As tenants target high-end space, executed rents in CBDs are exceeding pre-pandemic levels while suburbs lag
February 15, 2023
- Jacob Rowden
- Elena Lanning
- The sharp bifurcation of office markets according to asset quality is causing counterintuitive trends in executed rental rates: although CBD submarkets have seen a sharper slowdown in leasing activity and greater occupancy loss, leases signed in high-end spaces and new construction have routinely come close to or exceeded record rental rates, and as a result weighted executed rents in CBDs are exceeding pre-pandemic levels while suburban markets lag.
- Concentration of development, particularly Trophy office development, in CBD clusters has predominantly contributed to the spread in rental performance—although CBD clusters have just a slight majority of 55% of office completions in the past five years, 54 of the 62 office assets above 25 stories that were developed since 2018 were in CBDs. Due to increasing construction costs with additional height, high-rise offices tend to be developed at significantly higher cost per s.f. and therefore include higher-end amenities, building systems and finishes.
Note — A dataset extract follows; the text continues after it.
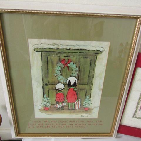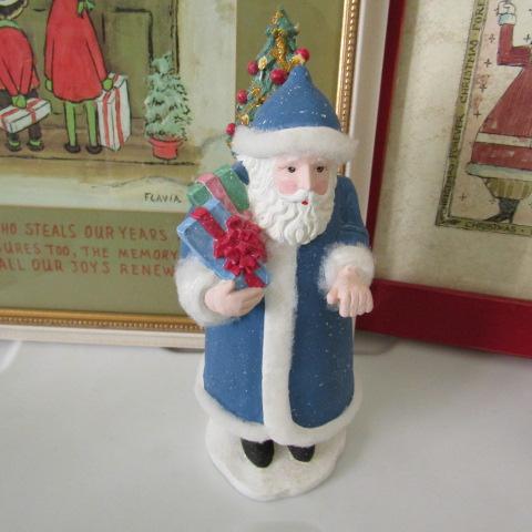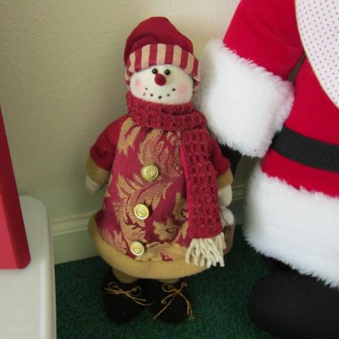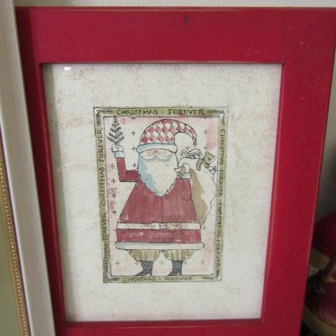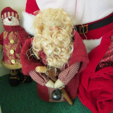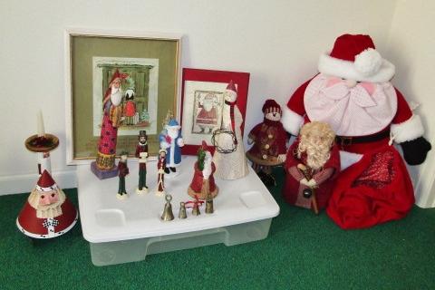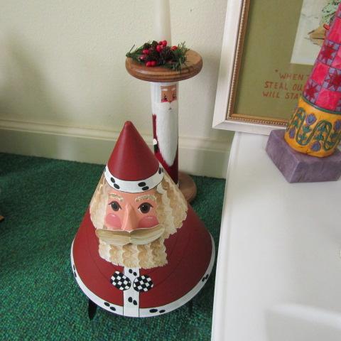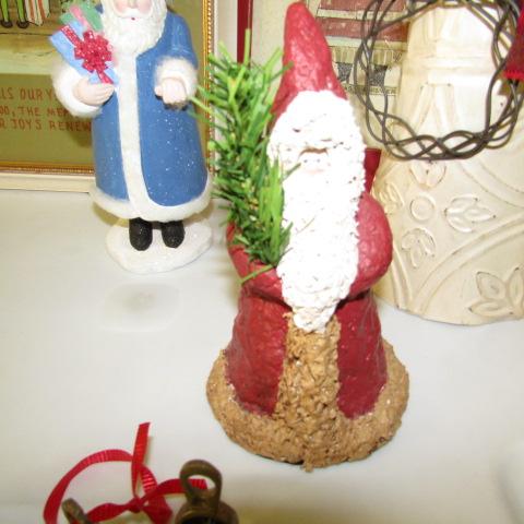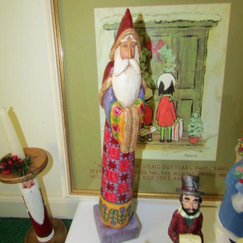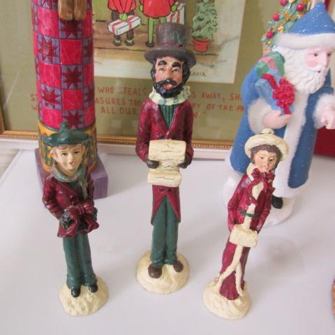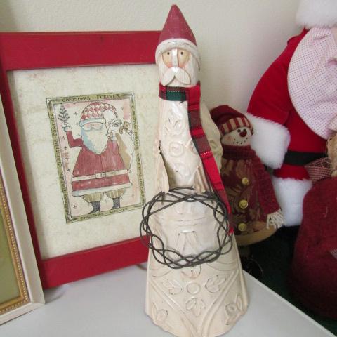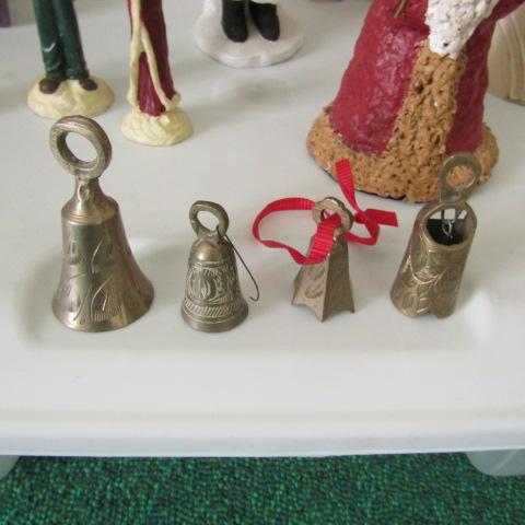 SANTA'S, SNOWMEN, CAROLERS AND A PICTURE OF SANTA. BRASS BELLS TOO

- Appetite for high-end space continues to be strong despite recent volatility—a prominent financial services firm signed a 219,000-s.f. lease for a high-rise suite in 30 Hudson Yards during the fourth quarter at base rents in excess of $170 p.s.f.—more than double Manhattan’s average asking rent. Already in the first several weeks of the first quarter, twelve leases over 10,000 s.f. have been executed with base rents in excess of $100 p.s.f. in New York.